We think that the patents are unnecessarily prolix in verbiage and there should have been fewer claims more simply stated. They border on failure to comply with the statutory requirements concerning succinct description and particular pointing out and claiming. But consideration of the file wrappers and the trial court record has persuaded that those skilled in the art have understood them and the courts have had them explained.

National Aluminate Corp. v. Permutit Co., 145 F.2d 175 (8th Cir. 1944). It is interesting that part of the court’s problem with the patents was that they had too many claims. The USPTO does reject individual claims that it deems overly wordy or “prolix.” The idea behind those rejections is that sometimes overly-wordy claims may have the “net result of which is to confuse rather than to clarify.” However, the USPTO prolix rejections are grounded in Paragraph 2 of Section 112 — for failing the requirement of “particularly pointing out and distinctly claiming the subject matter.”

The probably more accepted use of the “concise” requirement is explained in the decision captioned Application of Knowlton, 481 F.2d 1357 (C.C.P.A. 1973).

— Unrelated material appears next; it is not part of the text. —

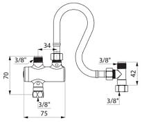 Chromowany korpus, przyłącze wody ciepłej W 3/8", przyłącze wody zimnej Z 3/8", wyjście wody zmieszanej Z 3/8".

In that case the precurser to the Federal Circuit relied on the requirement to limit the power of the enablement requirement.

[I]t must be borne in mind that the disclosure need not only be full, clear and exact to satisfy the statute, it must also be concise, and that the disclosure is directed to those skilled in the art. The amount of precision necessary in any given case is always a matter of degree. Absent special circumstances it is not required that every nut, bolt and rivet actually used in mechanical inventions be described, or, in chemical cases, that the electron orbital patterns for a claimed compound be set forth.

In the right case, a defendant may well convince a court to give the concise requirement its full weight and invalidate a patent whose specification is written in confusing and overly-wordy language.

Notes:

  • I searched the BPAI database of decisions (1997–2009) and found only one case reviewing a rejection where the Examiner found claims invalid as prolix “since they contain long recitations or unimportant details which hide or obscure the invention.” Ex parte Nagano, App. No. 1996–4094 (Bd. Pat. App. Inter. 1999). In Nagano, the Board reversed the rejection – finding no support for the Examiner’s generalized assertions that the claims were confusing because of their length or contained unimportant details.

49 thoughts on “The Requirement that the Written Description be Concise

  1. 49

    Why are U.S. applications as long as they are?

    I think that most often it is defensive. I routinely have to prosecute applications where the specification is to sparse. You know there is an invention there, esp. after talking to the inventors. But you can’t claim it, because it isn’t in the specification. And, if you do, you get new matter rejections. So, you put in a lot of extra detail JIC you find yourself in the position I have found myself in so much recently, where you need more detail to overcome obviousness rejections.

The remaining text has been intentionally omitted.